俺氏、幸せに暮らすレーナちゃん(ヒロイン)を見てニヤニヤする。
俺は今日8歳になった。
そして本来の物語であれば、今日レーナちゃんが違法奴隷として売りに出されて、あの胸糞イベントは遊戯奴隷が始まりを告げる。
でも、そんなことにはならない。
何故なら俺が遊戯奴隷をぶっ潰したのだから。
まあ、正確に言えば俺ではなく俺の部下がぶっ潰したけど、実質俺がぶっ潰したといって問題はないだろう。
さて、だが俺も馬鹿ではない。
この世界にはおそらく運命の強制力というのがあると考えている。
何故と問われれば、クロちゃんのことだ。
今は俺の専属メイド&見習いメイドとして楽しくやっているクロちゃんだが、原作で老夫婦にクロちゃんと名前を付けられる前である筈なのに俺の部下達の手によってクロちゃんって名前を付けられていた。
元々番号96番だったし、偶々じゃない?ってなれば、そうかもしれないという話になるが、それでも運命の強制力めいたものを疑わざるは負えない。
という訳でレーナちゃんについて部下に調べさせました。
幸い、レーナちゃんがどこに村で生まれたのかはストーリーで知っているので、そこを調べさせたら一発だった。
で、レーナちゃんは奴隷として売られるなんてことはないものの、とある金持ちの冒険者に売るという計画が立てられていた。
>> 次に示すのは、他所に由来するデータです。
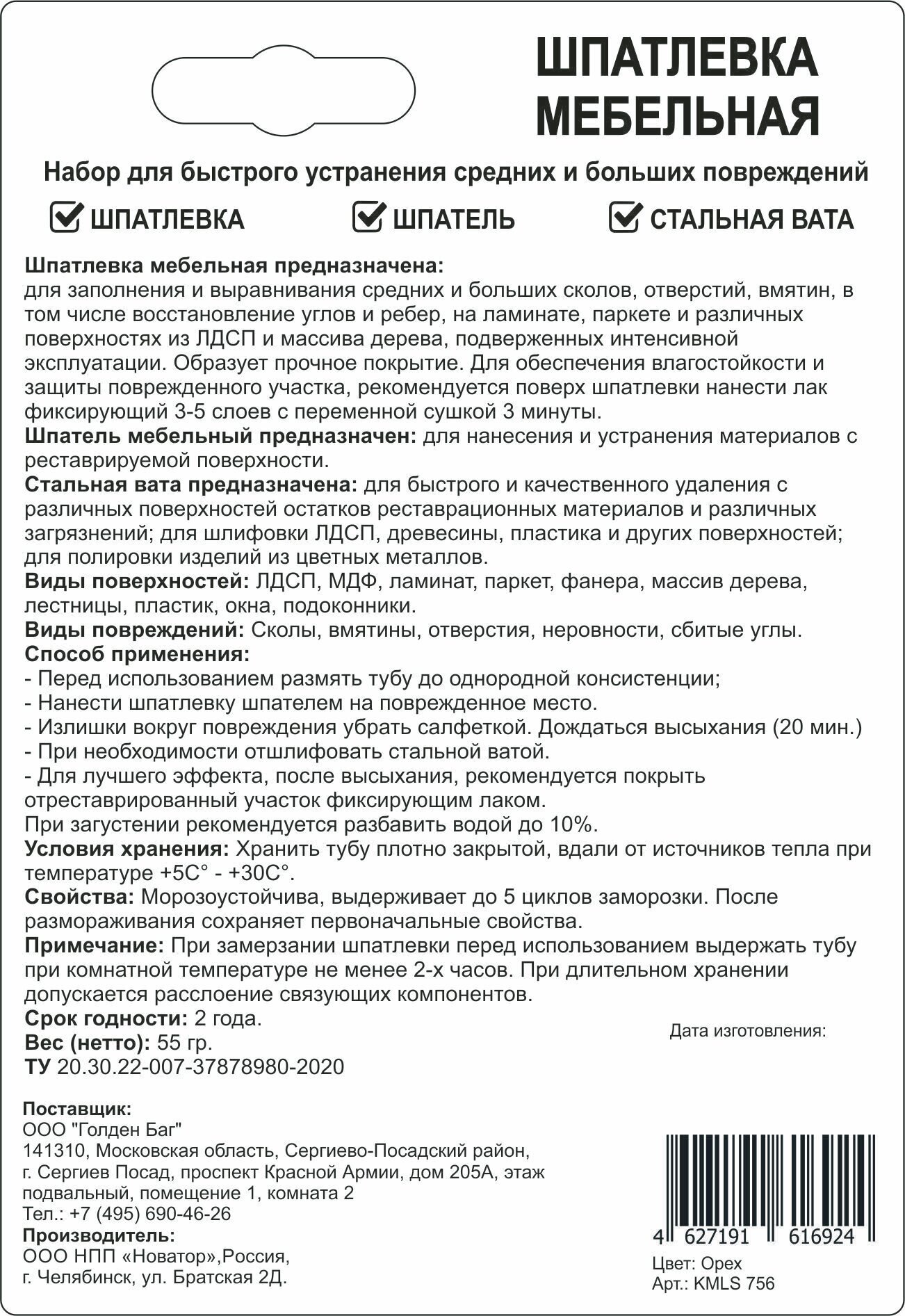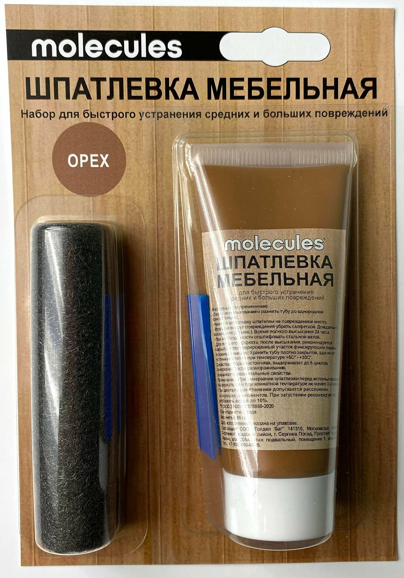 | Дополнительная информация | Шпатлевка мебельная со шпателем Molecules 55 г цвет вишня |

どうやら、レーナちゃんが6歳になる頃までは両親から可愛がられていたが、新しく息子が出来てからは愛情が完璧にそっちに向かい、愛情を注いでもらえなくなったレーナちゃんは両親に反抗的な態度を取るようになり関係は悪化。
そこに、村が魔物に襲われて作物が一部壊滅してしまうという被害が起き、幸いなことに魔物は村全体で依頼を出して冒険者に片付けて貰ったが、レーナちゃんの家は困窮状態。
お金が足りない、お金が欲しい。でも、奴隷商人はダーネスというか俺のせいでほぼほぼ壊滅状態。
さあ、どうしようとなった時に村に来ていた冒険者にレーナちゃんを売るという話が出てそのまま持ち掛けたらしい。
で、俺の部下が気を利かせて、アンクル商会でレーナちゃんを買い取ってくれた。
マジで俺の部下が有能過ぎるわ。
以上
終わり。
いやまあ終わりじゃないんだけど。
問題はこれからだ。
アンクル商会の方でレーナちゃんを買い取った。
その後の扱いについてだ。
ぶっちゃけ今の俺ならやろうと思えば、レーナちゃんが一生遊んで暮らせるようにすることも、自分を売ろうとした家族に地獄を見せることも、レベルを50まで上げて割と強い力を手に入れさせることも可能だ。
ただ果たしてそれが良いことなのかと問われれば疑問というものを呈してしまう。
じゃあ、どうする?
今の所考えているのはアンクル商会が運営している孤児院に入れてあげつつ、ある程度レーナちゃんが大きくなってからどう生きていたいか質問をすることだ。
アンクル商会運営の孤児院はかなり恵まれた環境にいるし、結構皆と仲良くやれそうな気がする。
というか待てよ?運命の強制力ってのが本当にあるのだとすれば、今、孤児院にいる孤児達って遊戯奴隷で弄ばれる奴隷じゃない?
レーナちゃんと仲良くなったけど、その後に無残に殺されるっていうプレイヤー達に対してトラウマをこれでもかって植え付けてきたあのイベントで使われる奴隷の可能性ない?
ちょっと調べてみるか。
・・・・・・・・・
本当にそうだった。
名前を全員覚えてる訳じゃないけど、念写魔法を使わせて顔を確認したらゲームに出てきた時とまんまだった。
運命の強制力って凄いな。
いやまあ、可能性的に遊戯奴隷に違法奴隷として弄ばれてたんだがら、孤児という可能性は充分にあり得るしな。
そんでもって孤児となった彼ら彼女らがアンクル商会の孤児施設に流れ着くのもあり得る。あり得る話なんだが。
いやはや運命の強制力ってのは中々に凄いな。
まあいいや。ただ、今回の件で大切なのはアンクル商会の孤児施設に入ったレーナちゃんが他の孤児達と一緒に幸せそうに暮らしてるってことだな。
いやはやいやはやレーナちゃんが幸せで俺としても気分が良いですわ。
本当に心の底からね。
レーナちゃん、君が幸せに生きられるように俺が陰ながら支援をするよ。だから、これからも楽しく笑って幸せに過ごしてくれ。
もう君を不幸に陥れる存在は何もないのだから。